Poly-(ADP-ribose) polymerase 1 (PARP1) contributes to necrotic cell death and inflammation in several disease models; however, the role of PARP1 in fibrogenesis remains to be defined. Here, we tested whether PARP1 was involved in the pathogenesis of renal fibrosis using the unilateral ureteral obstruction (UUO) mouse model. UUO was performed by ligation of the left ureter near the renal pelvis in Parp1 -knockout (KO) and wild-type (WT) male mice. After 10 days of UUO, renal PARP1 expression and activation were strongly increased by 6- and 13-fold, respectively. Interstitial fibrosis induced by UUO was significantly attenuated in Parp1-KO kidneys compared with that in WT kidneys at 10 days, but not at 3 days, based on collagen deposition, a-smooth muscle actin (α-SMA), and fibronectin expression. Intriguingly, the UUO kidneys in Parp1-KO mice showed a dramatic decrease in infiltration of neutrophil and reduction in expression of proinflammatory proteins including intercellular adhesion molecule-1, tumor necrosis factor-a, inducible nitric oxide synthase, and toll-like receptor 4 as well as phosphorylation of nuclear factor-κB p65, but not transforming growth factor-β1 (TGF-β1) at both 3 and 10 days.

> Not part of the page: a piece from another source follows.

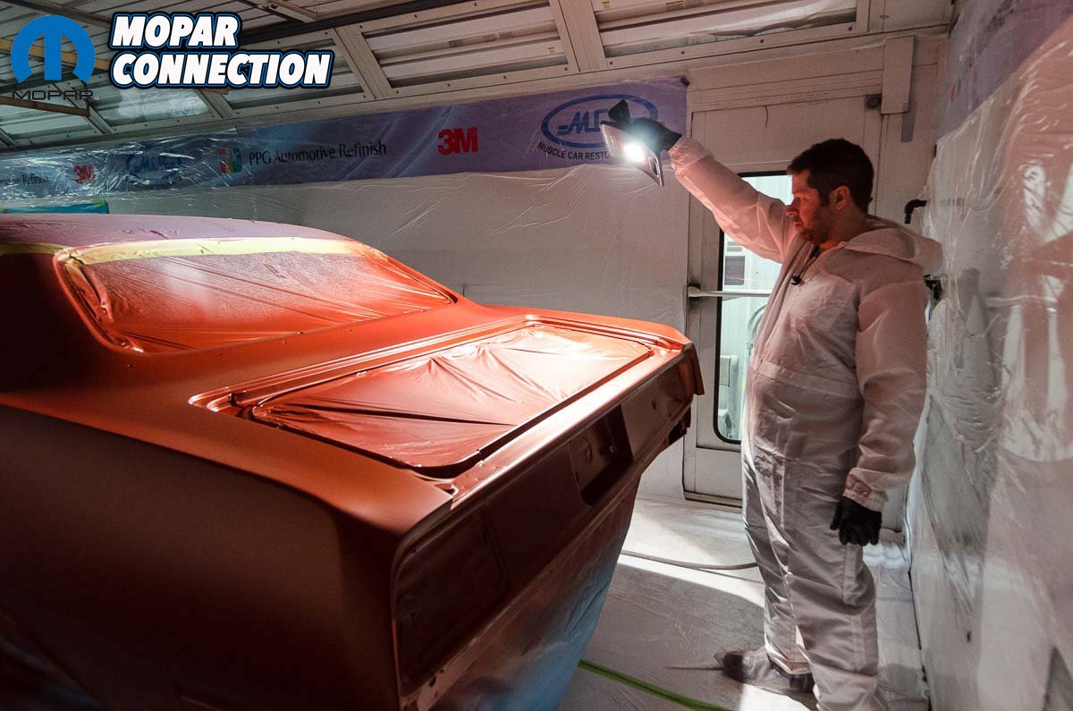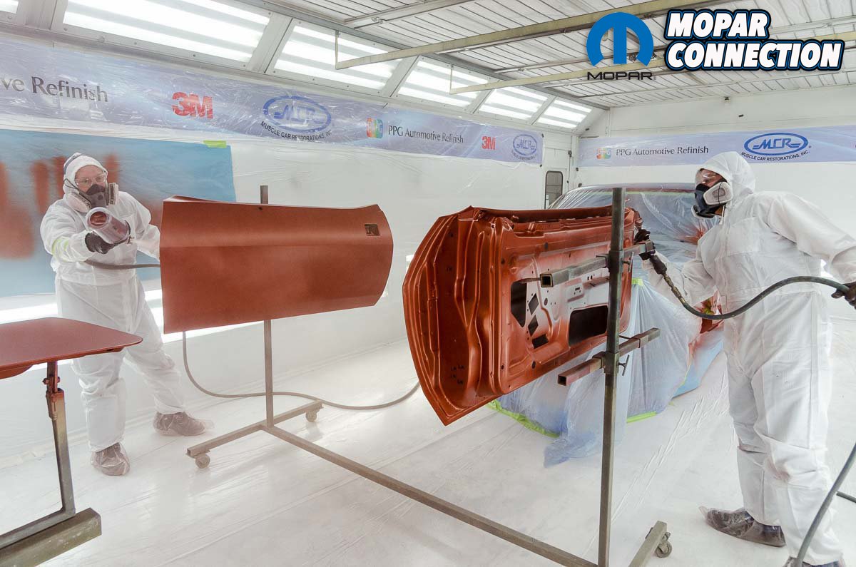 The final decision for MCR’s president, John Balow to make regarding the paint, besides choosing the deep burnt orange FK5 color of his original dream car, is whether to leave the final clear coat as is for a factory-like finish or to have it cut and buffed to a very mirror-like high gloss. Last heard, he hadn’t decided yet but he did have extra clear coats applied to keep the option open.

Pharmacological inhibition of PARP1 in rat renal interstitial fibroblast (NRK-49F) cell line or genetic ablation in primary mouse embryonic fibroblast cells did not affect TGF-β1-induced de novo α-SMA expression. Parp1 deficiency significantly attenuated UUO-induced histological damage in the kidney tubular cells, but not apoptosis. These data suggest that PARP1 induces necrotic cell death and contributes to inflammatory signaling pathways that trigger fibrogenesis in obstructive nephropathy.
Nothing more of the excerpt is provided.